If I disconnect it will start tracing the network/hops to 8.8.8.8.

[dalgibbard]

This matches #4277 - it seems that changing the route priorities (#4277 (comment)) or using the microsoft store version of anyconnect (#4277 (comment)) are possible workarounds.

[abhijeetchopra]

Replacing the SSL VPN client from Cisco AnyConnect to OpenConnect worked for a colleague.

[abaga129]

Using the OpenConnect client also worked for me. Open source software saves the day yet again. Thanks for the tip @abhijeetchopra

[mf-digital]

This also happens with Cisco AnyConnect 4.9.0304. IMHO there are two issues:

• nameservers are not being set correctly thus leading to a "temporary name resolution error"
• device metrics of Cisco adapters are not being set correctly, which can be (at least in my case) be fixed with running this PowerShell command after each reboot:
  Get-NetAdapter | Where-Object {$_.InterfaceDescription -Match "Cisco AnyConnect"} | Set-NetIPInterface -InterfaceMetric 6000

[dalgibbard]

I've been using the metric change + dnsmasq fixes above with success, but I'm finding it doesn't work on cold boot, only after a reboot? Is this just me?

[arnisjuraga]

Only workaround I have found is using small wsl-vpnkit network relay. Installation instructions are simple and *no Administrator * rights are required.

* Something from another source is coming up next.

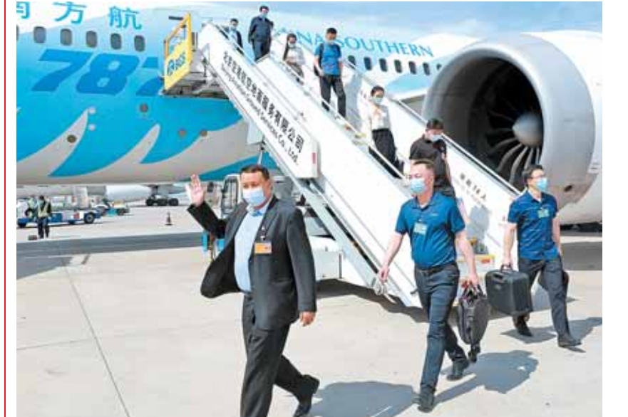
مەملىكەتنىڭ 13 - كەزەكتى خالىق قۇرۇلتاينىڭ 3 - ماجىلىسى قاتناشتىن شىنجاڭ ۋەلىنىڭ جەڭسە قول جەتكىزۋەكچى، جىگەرلەندىرى.

كەين مەملىكەتنىڭ 13 - كەزەكتى خالىق قۇرۇلتاينىڭ 3 - ماجىلىسى قاتناشتىن شىنجاڭ ۋەلىنىڭ جەڭسە قول جەتكىزۋەكچى، جىگەرلەندىرى. شىنجاڭ بىرماننىڭ زۇڭتۇڭى ۋەن مېنەن تەلەفوندا سۈيەستى. شىنجاڭ بىرماننىڭ زۇڭتۇڭى ۋەن مېنەن تەلەفوندا سۈيەستى.

Follow the instruction till "Run" block.

After running sudo ./wsl-vpnkit WSL2 can use network with AnyConnect VPN on.

https://github.com/sakai135/wsl-vpnkit

[IgalOre]

I do confirm that only solution that had worked in the end were explained in https://github.com/sakai135/wsl-vpnkit. Excellent explanation, glad that found it.

[Celshade]

#2529 (comment) was the method that worked for me - confirmed on two completely different machines

[konradsoares]

Fixed my problem checking Allow local (Lan) access and adding the result of the command bellow in the /etc/resolv.conf nameservers
Get-DnsClientServerAddress -AddressFamily IPv4 | Select-Object -ExpandProperty ServerAddresses

[OneBlue]

VPN / connectivity
Hi ! Please try the latest networking features that we've added in WSL. Those should greatly improve compatibility with VPN's.

If the issue still remains, please reopen this issue.